Dlatego diabeł nie może być jednocześnie najgorszym wrogiem ludzkości i powolną Bogu, bezdennie głupią marionetką, która robi wszystko, by sobie zaszkodzić. Ten brak logiki podważa jego istnienie.

Podobnie rzecz ma się z tzw. świadomością w przypadku Desteni.
Po pierwsze rozumiem, że dokonuje ona swego rodzaju spowiedzi, nie ekspiacyjnej jednak, ale sadystycznej - "Umieram, ale muszę Wam powiedzieć, że macie przerąbane: umrzecie razem ze mną". Ale przecież wcześniej Sebastos pisał, że chanellingowe przesłania to coś pozytywnego, możliwość osiągnięcia wyzwolenia z odwiecznej niewoli i bycia sobą " czystą essencją życia" wolną od świadomości - zniewalającego programu.
Tylko kto czyni te przesłania: ci, którzy nas zniewolili! ("Nie chcecie posłuchać jak wypowiadają się istoty, które stworzyły nas ludzi? Zniewoliły wszystko?") Z pewnością nie świadomość, która jest stanem, czyli przypadłością bytu, może wręcz formą bytu - człowieka, skoro tym różni się od zwierząt; w każdy bądź razie nie bytem, który mógłby istnieć samodzielnie w oderwaniu od konkretnej istoty.
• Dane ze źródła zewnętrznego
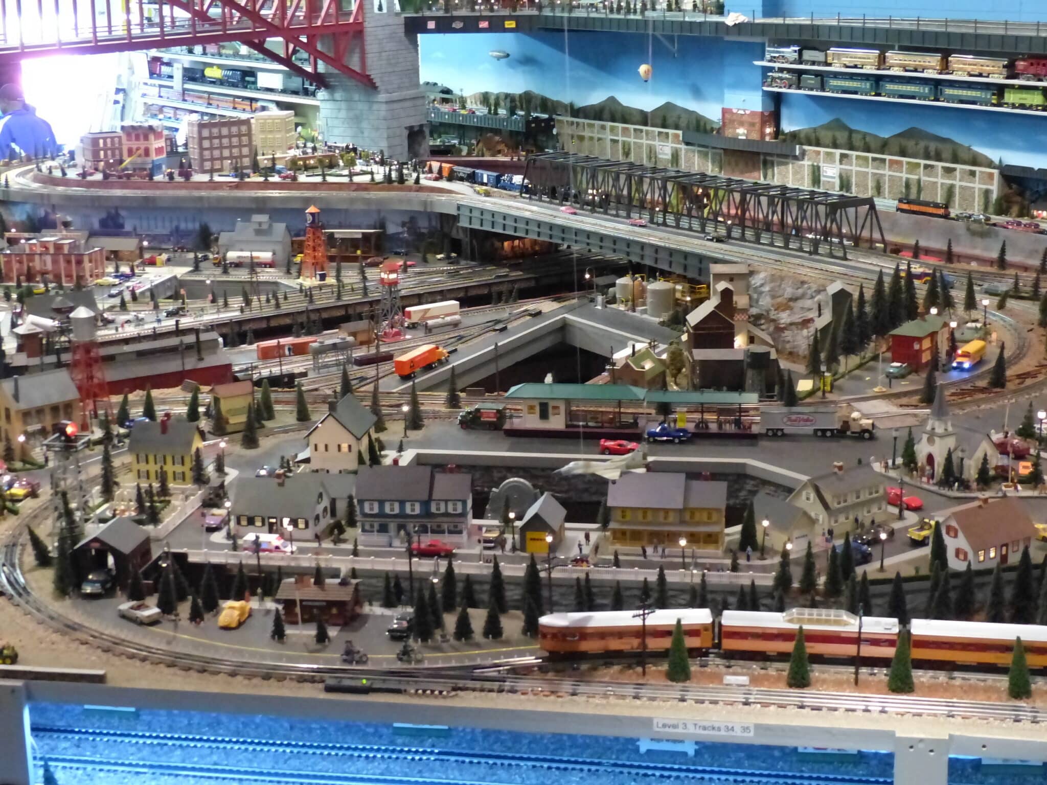 Visitors will see a large exhibition of toy trains running on our layouts, often from different eras and different scales and gauges. The main layout in our 3000 square foot facility includes interactive buttons allowing visitors to operate over a dozen animated scenes. The walls of our club feature displays of vintage engines, rolling stock, and related toy train and railroad memorabilia some of which date back over 100 years.
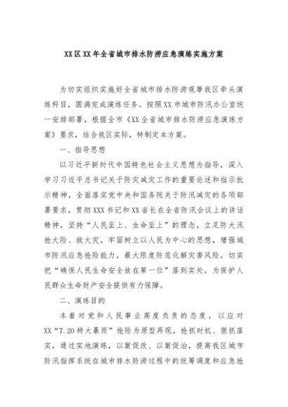 / 【七哥公文】2024年:XX区XX年全省城市排水防涝应急演练实施方案+更多免费公文+VX:QiGeGongWen2024

Zatem wypowiadają się te złe byty, którym powinno zależeć na zachowaniu tajemnicy, nawet jeśli coś zmienia się na ich niekorzyść. Ten brak logiki mnie odstręcza.

Z drugiej strony.
W tłumaczonym artylule nie ma nic pokrzepiającego - z resztą zauważyli to autorzy cytowanego przeze mnie wcześniej artykułu.
Jeśli miarą człowieczeństwa jest ludzka świadomość samego siebie: swoich możliwości i ograniczeń, a szczególnie możliwości KOCHANIA i czynienia bezinteresownego dobra, to czynienie z tej świadomości programu niszczącego czlowieka, jego największego wroga - jest nieznaną do tej pory formą alienacji istoty ludzkiej, która niczego dobrego przynieść nie może, wręcz przeciwnie. Szczególnie, że alternatywa - czyli "czysta esencja życia", którą, jak rozumiem powinien stać się wyzwolony człowiek ("Człowieku, jako to kim naprawdę jesteś, jako czysta esencja życia"), a która w innych momentach artykułu jest jedynie ważną siłą ludzką: " Obecnie w wieku szesnastu lat cała twoja czysta esencja życia wewnątrz Ciebie jest wyczerpana i Twoje fizyczne systemy zaczynają umierać w wieku szesnastu lat") jest niezwykle niekonkretna, abstrakcyjna.
Nie obraź się Sebastosie, ale czytając cytowany przez Ciebie artykuł nie mogę oprzeć się wrażeniu, że mam do czynienia z odmianą filozofii Nietzschego. On, uśmiercając Boga, chciał wywołac narodziny Superczłowieka - godził jednak w wymiar społeczny i moralny starego człowieka, którego chciał "przekroczyć" - nie potrafił jednak powiedzieć nic konkretnego o swoim tworze - marzeniu, a jedynie budował jego cechy na negacji człwowieka starego. Przesłanie Desteni, jak Ty je przekazujesz, sięga w negacji głębiej: bo aż tego, co człowieka konstytuuje: jego świadomości jako całości. To z resztą nic nowego: taka swoista nirwana "a la chanelling". Tyle, że w hinduiźmie wizja życia nie jest aż tak totalnie negatywnna, jak w cytowanym przez Ciebie artykule.
Zabierasz wszystko - co dajesz w zamian?
  • 0



#36

Sebastos.
  • Postów: 55
  • Tematów: 1
Reputacja neutralna
Reputacja

Napisano

Proces nie zabiera nic ponieważ umysł jest niczym bo nie jest prawdziwy. A daje wszystko bo Życie to wszystko.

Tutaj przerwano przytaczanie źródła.